Can We Please Stop Pretending that Fannie and Freddie Weren’t Part of the Problem?

The Securities and Exchange Commission has charged the CEOs of Fannie Mae and Freddie Mac with civil fraud. Oh my, what will their defenders say now?

There’s been an effort among liberals to deny that Fannie Mae and Freddie Mac had anything to do with the mortgage crisis. I find this effort hard to understand except as a desperate effort to deny that a government-sponsored enterprise with a good social purpose could actually do wrong. So Krugman, for example, or the folks at Rortybomb. That these enterprises effectively created the secondary-mortgage market and that Fannie began the mortgage-backed security business in the 1980s, without which the crisis could not have occurred, weren’t relevant. And great effort went into denying that Fannie and Freddie held enough high-risk mortgages to have played a role in the crisis, despite the fact that in 2006 Fannie and Freddie bought 15% of all loans originating with less than a 5% down payment, and in 2007 bought 23% of such loans (see here). Is it conceivable that if two wholly private mortgage firms held almost a quarter of such loans when the market collapsed that they wouldn’t be the target of liberals’ condemnation?

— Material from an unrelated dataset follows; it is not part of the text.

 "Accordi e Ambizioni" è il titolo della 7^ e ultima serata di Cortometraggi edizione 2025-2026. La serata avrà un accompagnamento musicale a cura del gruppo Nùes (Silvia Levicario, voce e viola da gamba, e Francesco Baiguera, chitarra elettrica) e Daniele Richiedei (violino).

But now we find, assuming the SEC’s claims are accurate, that Fannie and Freddie not only owned large amounts of bad debt, but that they were lying about it. Reportedly, Fannie’s 2007 report claimed $4.8 billion in subprime loans (0.2% of its total loans), while it actually had $43 billion in subprimes, 11% of its total debt ownership. Freddie reported $2-$6 billion in subprime mortgages in 2006 while actually carrying about $140 billion, and by 2008 over $240 billion. If these were private firms, how vocal would the liberal condemnation (rightly) be?

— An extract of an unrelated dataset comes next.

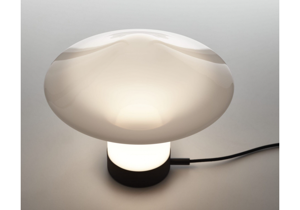 Trottola conçue par Federico Peri pour Brokis est une lampe de table en verre brillant disponible en plusieurs finitions. Le corps de la lampe et son variateur sont en métal anodisé de la même couleur. Le câble d'alimentation est équipé d'un variateur électronique permettant de régler l'intensité et la température de couleur (TW). La source lumineuse utilisée est une LED à intensité variable.
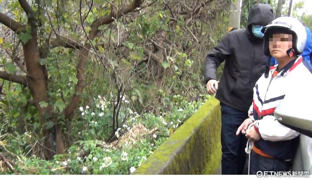 ▲李男在警方的陪同下前往棄屍現場,還原當時情況。(圖/記者柳名耕翻攝)

This is not an argument that the government is solely responsible for the mortgage crisis. As I’ve written elsewhere, I think a disparate set of government policies interacted in unexpected ways to inadvertently create a situation that stimulated the housing bubble, so it bears underlying responsibility. But private actors in the secondary mortgage market were foolishly buying mortgage-backed securities that were deeply opaque, whose real value and risk was not just unknown, but unknowable. So “the market,” or more specifically, private actors, don’t get off the hook here.

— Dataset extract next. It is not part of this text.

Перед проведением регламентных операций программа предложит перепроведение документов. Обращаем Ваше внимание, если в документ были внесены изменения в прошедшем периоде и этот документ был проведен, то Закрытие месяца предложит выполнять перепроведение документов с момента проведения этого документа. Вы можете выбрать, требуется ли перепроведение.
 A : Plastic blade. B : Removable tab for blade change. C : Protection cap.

But on what possible logical basis can anyone assume that “public actors” operating in the same business were going to be fundamentally different? Anti-market liberals (a subset of liberals) like the government for the same reason that liberals and conservatives distrust it–government actors normally have different incentives than private actors, because the profit motive is not present. (The more sophisticated approach is to recognize that whether that absence is good or bad depends on what type of activity is being considered.) But the inescapable truth is that Fannie and Freddie had a profit motive in this case, but combined with the certainty that they would be bailed out by public funds if their finances went south. The irony is that this combination is exactly what liberals hate when it exists in the private market–the privatization of benefits and socialization of costs. The mystery is why would anyone believe believe that the veneer of “publicness” for Fannie and Freddie was sufficient to fundamentally change those organizations’ behavior?

About J@m3z Aitch

J@m3z Aitch is a two-bit college professor who'd rather be canoeing.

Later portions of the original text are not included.